Associate DevOps Platform Kubernetes Engineer
athenahealth
Job Description
Primary Responsibilities:
Kubernetes Deployment & Automation
· Design, deploy, and manage highly available and scalable Kubernetes clusters on AWS EKS using Terraform and/or Crossplane.
· Implement Infrastructure-as-Code (IaC) best practices for managing EKS clusters and related infrastructure.
Kubernetes Operations & GitOps
· Configure and maintain Kubernetes deployments, services, ingresses, and other resources using YAML manifests or GitOps workflows.
· Implement GitOps practices with FluxCD for automated deployments and configuration management of containerized applications.
Reliability, Security & Scalability
· Proactively ensure the reliability, security, and scalability of AWS production systems, with a particular focus on Kubernetes clusters and containerized applications.

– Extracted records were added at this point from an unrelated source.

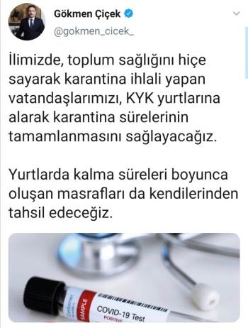 Çiçek, Twitter hesabından yaptığı açıklamada, Korona Virüs tedbirleri kapsamında evlerinde karantinaya uymayanları uyararak, "İlimizde, toplum sağlığını hiçe sayarak karantina ihlali yapan vatandaşlarımızı, KYK yurtlarına alarak karantina sürelerinin tamamlanmasını sağlayacağız.
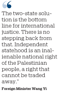"The two-state solution is the bottom line for international justice. There is no stepping back from that. Independent statehood is an inalienable national right of the Palestinian people, a right that cannot be traded away," Wang said.
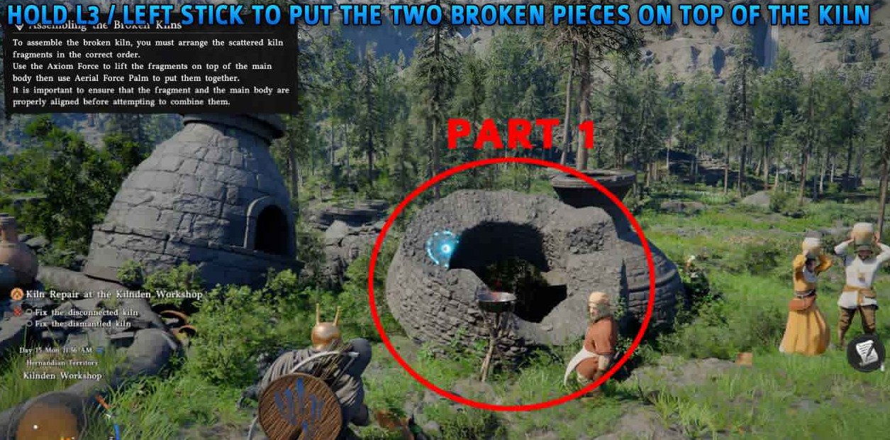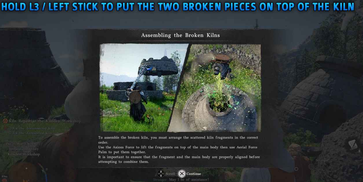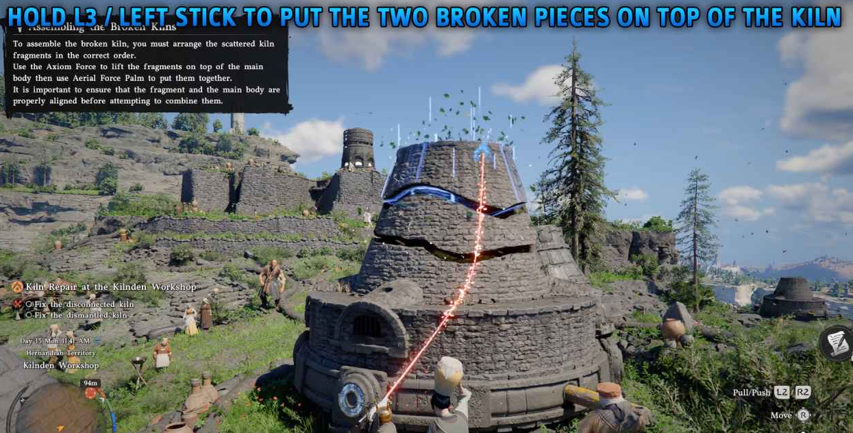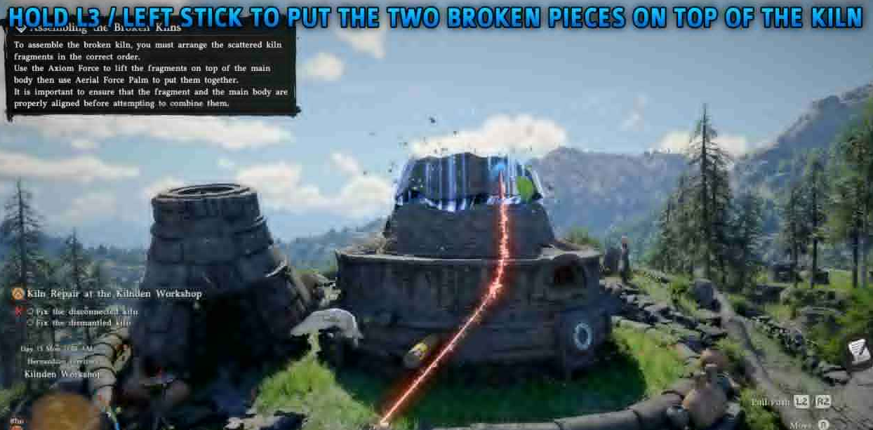 按住 L3(左摇杆)使用公理力,将部件抬起后放到窑炉顶部,部件会自动旋转到正确位置。
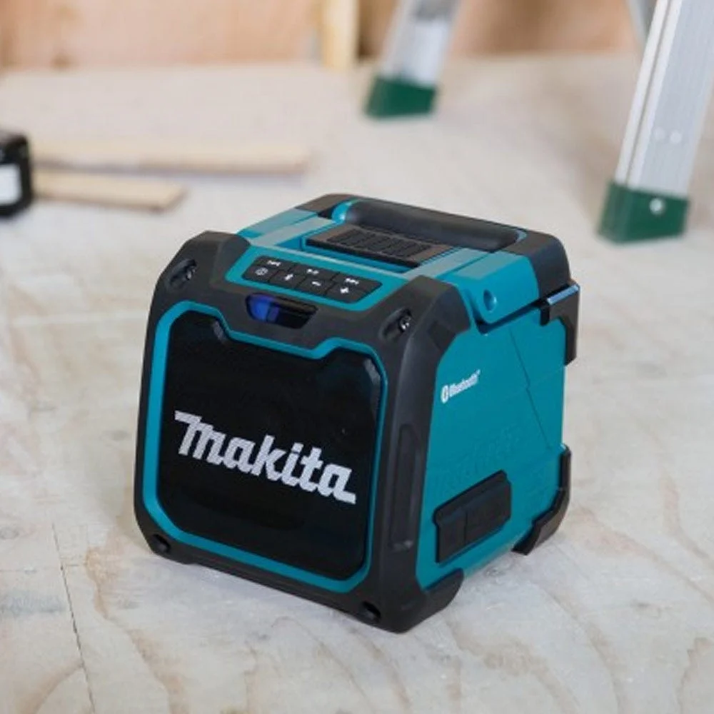 Rugged cordless Bluetooth speaker delivering up to 10 watts through a dedicated 101.6 mm woofer and 36 mm tweeter. IP64 rated for dust-tight and splash-proof jobsite use, it runs on Makita 12V CXT or 18V LXT batteries with a 240V AC adapter fallback, and includes a sealed device cabinet and 2.1A USB charging port.
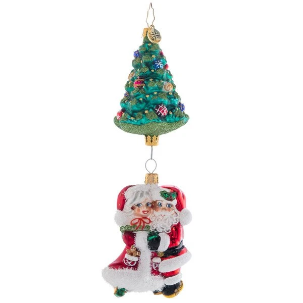 The Christmas tree hanging from ceiling above, Santa and the misses are twirling in love. This 2023 Christopher radko glass ornament measures 8 inches in height.
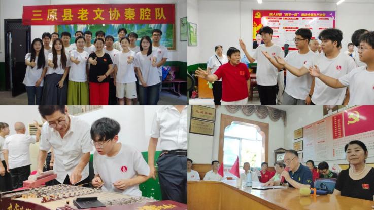 三原县老文协秦腔队,这个成员平均年龄在78岁的团队,在炎炎夏日里以精湛的技艺和饱满的热情,为实践队员们带来了一场精彩绝伦的秦腔表演。经典曲目《红灯记》选段中讲述了不屈不挠斗争的英雄故事;女声合唱《大登殿》展现了薛平贵的英勇和智慧;《望大陆》中体现了于右任先生深切的爱国情怀;由两位年过八旬的夫妇演唱的《十二把镰刀》以精湛的功底,展现了劳动人民的乐观与勤劳,深深感受到了秦腔这一古老非物质文化遗产的特殊韵味,征服了现场所有人。演出结束后,队员们对秦腔的技法、唱腔、身段、演奏乐器进行了简单学习,现场氛围反响热烈。
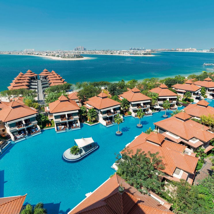 Das elegante Anantara The Palm Dubai Resort wurde mit viel Liebe zum Detail im thailändischen Stil errichtet. Vom 400 Meter langen Privatstrand haben Sie einen fantastischen Blick auf die Skyline Dubais und die künstliche Insel Palm Jumeirah.
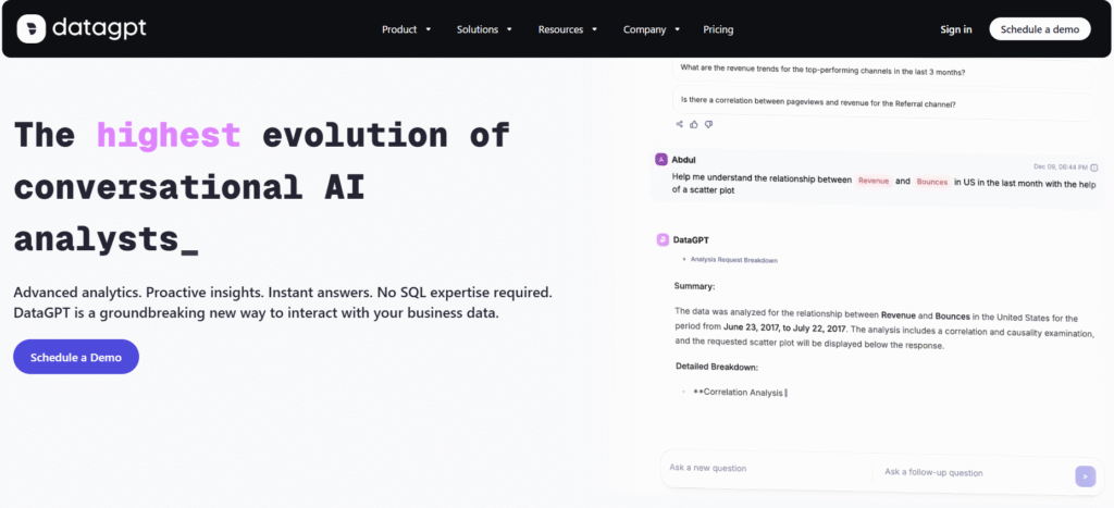 DataGPTは、チャット形式でデータ分析を進められるAIアナリストです。ダッシュボードを作り込むことなく、自然言語での質問により必要な数値や傾向をすぐに把握できるため、非エンジニアでも使いやすい構成です。
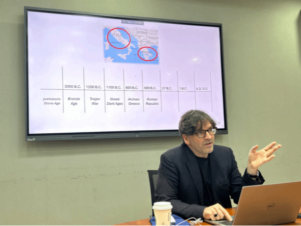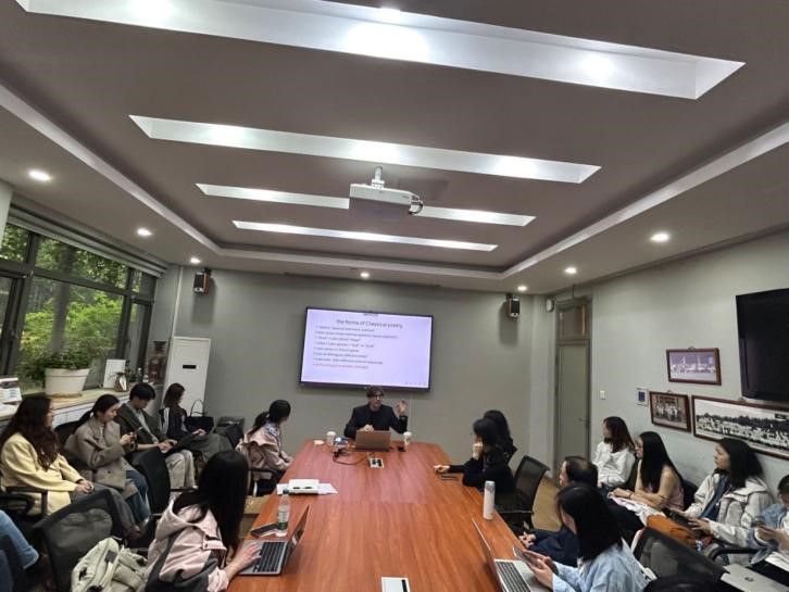 2025年4月21日下午,剑桥大学克莱尔公司古典学系副教授查尔斯·韦斯(Charles Weiss)博士应威廉体育英语文学研究中心之邀,于公司111会议室做了题为“The Forms of Classical Poetry”(西方古典诗歌的形式)的学术讲座。由英语文学研究中心、《英语文学研究》编辑部承办,旨在为广大师生提供一个深入了解古希腊、古罗马诗歌主要韵式的机会。本次讲座由英语文学研究中心邵雪萍老师主持,吸引了来自不同院系的本科生、研究生、博士生及青年教师近四十人参加。
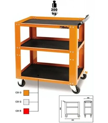 Carrello. " 3 ripiani ricoperti in gomma millerighe antiscivolo " maniglia ergonomica " doppia possibilit di fissaggio del ripiano centrale " quattro ruote 100 mm: 2 fisse e 2 girevoli (una con freno). " capacit di carico statico: 200 kg. (distribuita sui 3 ripiani) Tipologia : Carrello Piano di lavoro : Ricoperto gomma millerighe antiscivolo Portata piano : Max 200 kg ( istribuito su 3 ripiani) Maniglia : Ergonomica Ruote : 100 mm - 2 fisse - 1 girevole - 1 girevole con freno Peso : 21 kg ...
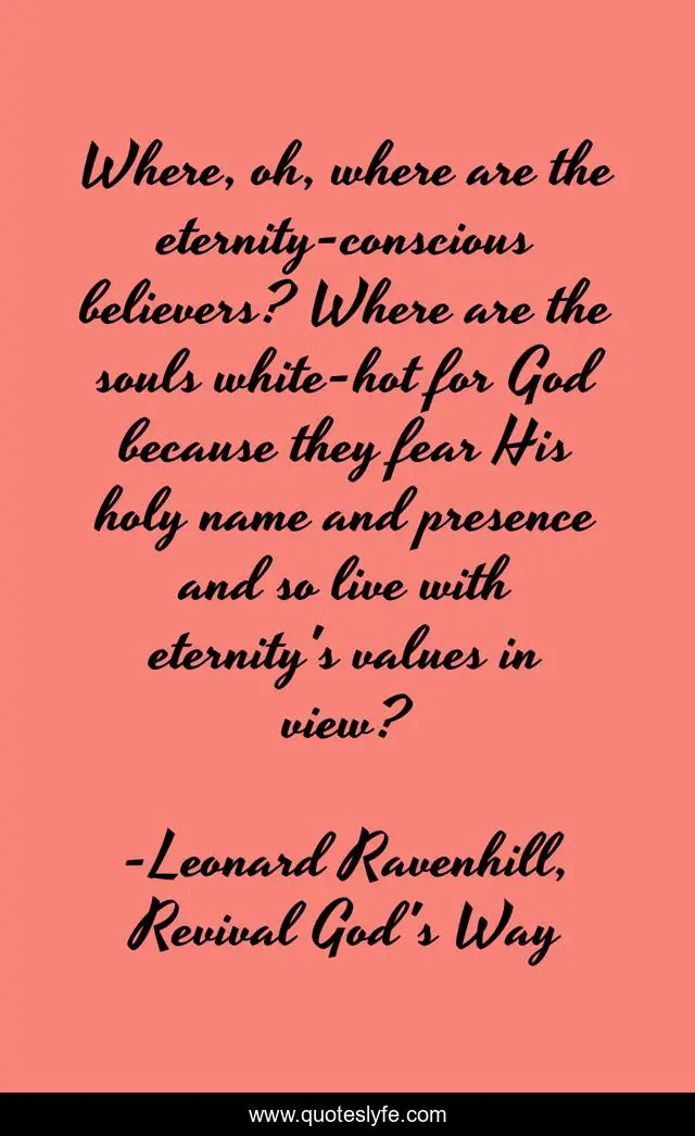 This page presents the quote "Where, oh, where are the eternity-conscious believers? Where are the souls white-hot for God because they fear His holy name and presence and so live with eternity's values in view?". Author of this quote is Leonard Ravenhill, Revival God's Way. This quote is about believers, eternity, ravenhill, god,.
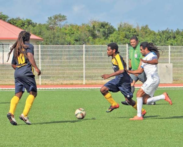 Battus 5-2 par Hienghène, début avril, à Koné, lors du match aller (5e journée), les Maréens de Patho (en bleu et jaune) ont pris leur revanche au match retour (14e journée). Pour l’équipe de la côte Est (en blanc), l’attaquant Bertrand Kaï (à droite) a ouvert le score, sur penalty (12e minute), son 30e but en 13 rencontres cette saison. Le défenseur central Ludovic Wakanumuné a égalisé à la 19e, puis Henry Kuane a offert la victoire à Horizon Patho en trouvant l’ouverture à la 82e, pour le plus grand bonheur du public.
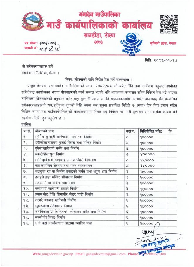 योजनाको दावि विरोध पेश गर्ने सम्बन्धमा
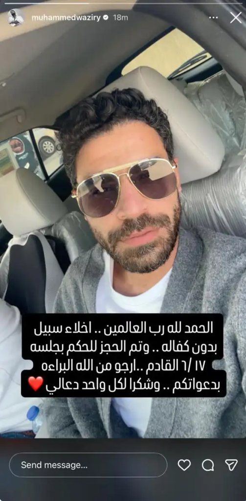 فور صدور القرار، أعرب محمد وزيري عبر حسابه في “إنستغرام” عن تفاؤله، كاتبًا: الحمد لله رب العالمين.. إخلاء سبيل من دون كفالة.. وتم الحجز للحكم بجلسة 17/6 القادم.. أرجو من الله البراءة بدعواتكم. وتعد هذه الرسالة هي الأولى لوزيري منذ فترة، ما يعكس رغبته في طي صفحة النزاع القضائي الطويل مع الفنانة اللبنانية.
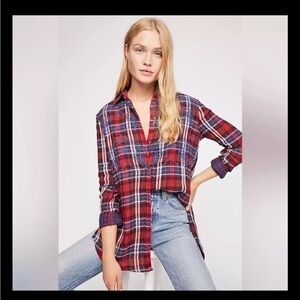 Free People Magical Plaid Shirt XS Embroidered Red Blue
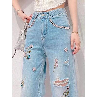 ひんやりボトムス2024 デニムズボン レディース 新作 スートン 刺繍 ダメージ ストレート ワイドパンツ脚長効果!スキニーパンツ
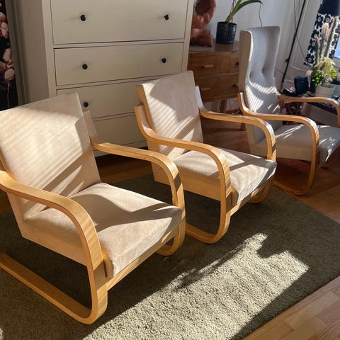 Myydään hyväkuntoinen Artek 402 nojatuoli. Kaunis pellavan värinen kangas. Puuosat hyväkuntoiset. Pieniä iän aikana kertyneitä jälkiä.
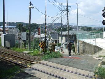 Keywords: Landscape from Kitayama Station of JR Senzan Line.jpg Level crossing on the JR East Senzan Line as seen from Kitayama Station JR 日 仙山線・北山駅から見た踏切 Own Breakover 2010-08-22 Level crossings in Japan Senzan Line Aoba-ku Sendai
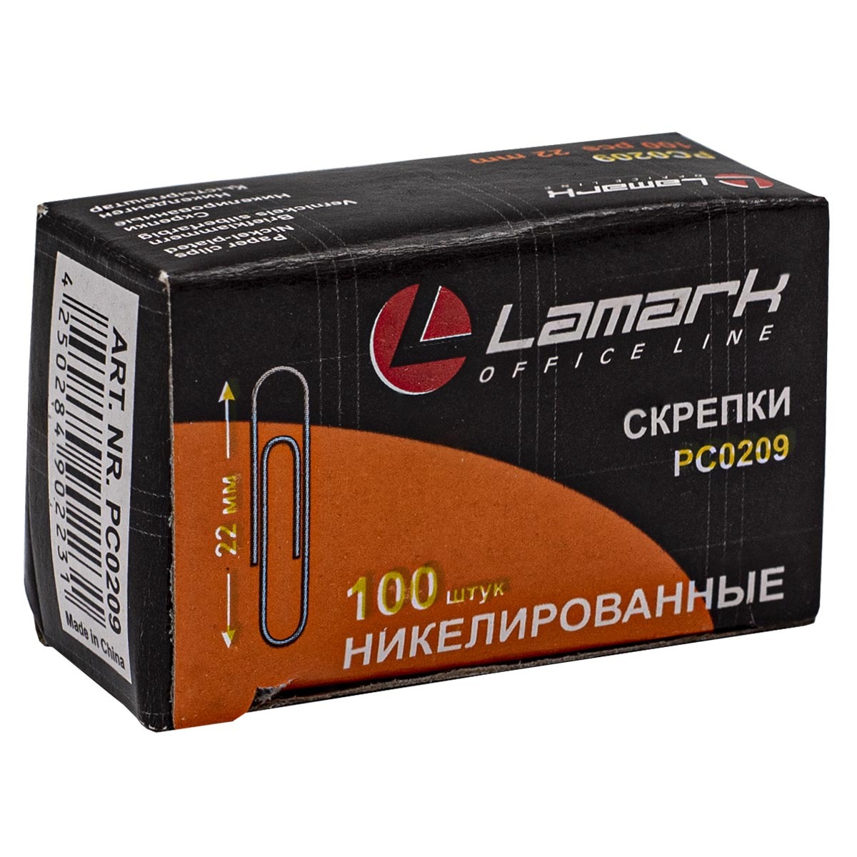 Скрепки ник. 22 мм/100 шт/ круглые, LAMARK209, 10 уп
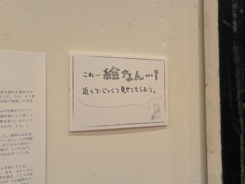 会場にはこうのさんの直筆ひとことコメントが掲示されている。チャコールで描かれた黒と白のリアルな本田健の絵画《山歩き・八月》(2000)には「これ…絵なん…? 近くでじっくり見せてもらおう。」とある。図録を見て作品を選んだので、写真にしか見えないと思ったらしい。そして、今日実際に見て、「写真をベースに描いたのでしょうね、すごいですね」と、こうのさんはその巨大な画面に、絵の匂いを嗅ぐほど近づいた。「これ、いつか、やってみたいですね」とも言った。

· Resolve complex problems across multiple platforms and application domains, using advanced system troubleshooting techniques.
Operational Support & Monitoring
· Provide primary operational support and engineering expertise for all cloud and enterprise deployments, with a focus on Kubernetes.
· Monitor system performance, identify downtime incidents, and diagnose underlying causes, particularly related to Kubernetes cluster and container health.
Cost Optimization
· Design and develop cost-effective Kubernetes solutions within allocated budgets, ensuring efficient resource utilization.
Secondary Responsibilities:
Collaboration & Process Improvement
· Work closely with developers, testers, and system administrators to ensure smooth deployments and operations of containerized applications.
· Champion the implementation of new processes, tools, and methodologies to enhance efficiency throughout the software development lifecycle (SDLC) and pipeline management.
Security Integration
· Integrate robust security measures into the development lifecycle, considering the specific security requirements of containerized applications.
Typical Qualifications:
· 3 to 5 years of experience building, scaling, and supporting highly available systems and services.
· 2+ years of experience managing and operating Kubernetes clusters in production.
· Proven experience in building and managing AWS platforms, with a strong focus on Amazon EKS (Elastic Kubernetes Service).
· Deep knowledge of Kubernetes architecture, core concepts, best practices, and security considerations.
· Expertise in Infrastructure-as-Code (IaC) tools like Terraform and Crossplane.
· Familiarity with GitOps principles and experience with FluxCD (a plus).
· Proficiency in at least one scripting/programming language (Python, Go, Ruby, Shell).
· Experience in Site Reliability Engineering (SRE) and DevOps principles, including CI/CD and version control (Bitbucket, GitHub, etc.).
· Familiarity with telemetry, observability, and modern monitoring tools (Prometheus, Alertmanager, Grafana, etc.), particularly for Kubernetes monitoring.
· Strong expertise in system visibility to facilitate rapid detection and resolution of issues within Kubernetes clusters.